◆ RECORD SET ◆
━━━━━━━━━━━━━━━━━━━━━━━━━━━━━━
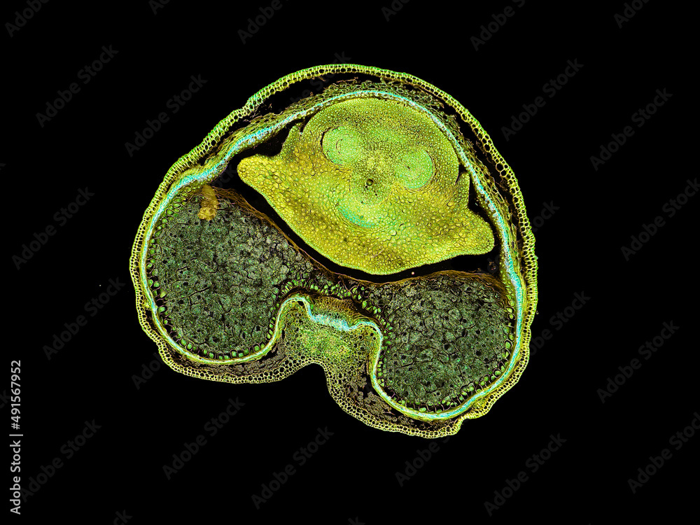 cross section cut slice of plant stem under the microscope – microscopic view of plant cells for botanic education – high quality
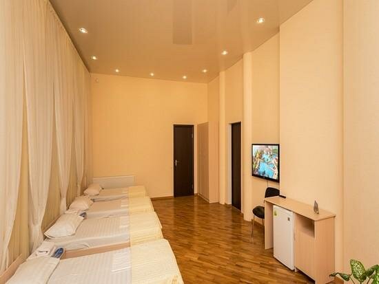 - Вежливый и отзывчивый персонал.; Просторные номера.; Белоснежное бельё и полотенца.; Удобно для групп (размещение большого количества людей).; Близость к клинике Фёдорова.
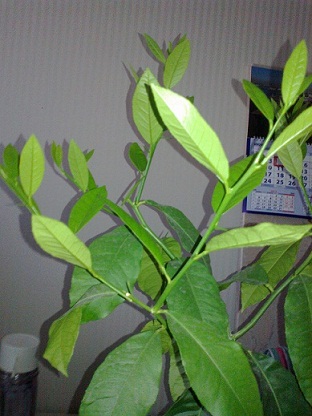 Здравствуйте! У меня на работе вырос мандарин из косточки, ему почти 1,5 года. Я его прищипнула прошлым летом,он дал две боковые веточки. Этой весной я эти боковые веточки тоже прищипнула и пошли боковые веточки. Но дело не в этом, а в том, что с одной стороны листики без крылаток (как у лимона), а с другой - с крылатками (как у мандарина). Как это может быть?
━━━━━━━━━━━━━━━━━━━━━━━━━━━━━━
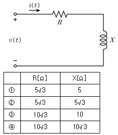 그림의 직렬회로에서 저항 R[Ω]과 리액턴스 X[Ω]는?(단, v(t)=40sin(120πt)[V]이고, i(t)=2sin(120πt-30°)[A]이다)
━━━━━━━━━━━━━━━━━━━━━━━━━━━━━━
◆ TASK DIRECTIONS ◆
Print nothing but the lines above starting with the line that contains "- Вежливый и" and going on through the line that contains "Здравствуйте! У меня". Leave out the pictures.

◆ RESULT OF THIS TASK ◆
 - Вежливый и отзывчивый персонал.; Просторные номера.; Белоснежное бельё и полотенца.; Удобно для групп (размещение большого количества людей).; Близость к клинике Фёдорова.
 Здравствуйте! У меня на работе вырос мандарин из косточки, ему почти 1,5 года. Я его прищипнула прошлым летом,он дал две боковые веточки. Этой весной я эти боковые веточки тоже прищипнула и пошли боковые веточки. Но дело не в этом, а в том, что с одной стороны листики без крылаток (как у лимона), а с другой - с крылатками (как у мандарина). Как это может быть?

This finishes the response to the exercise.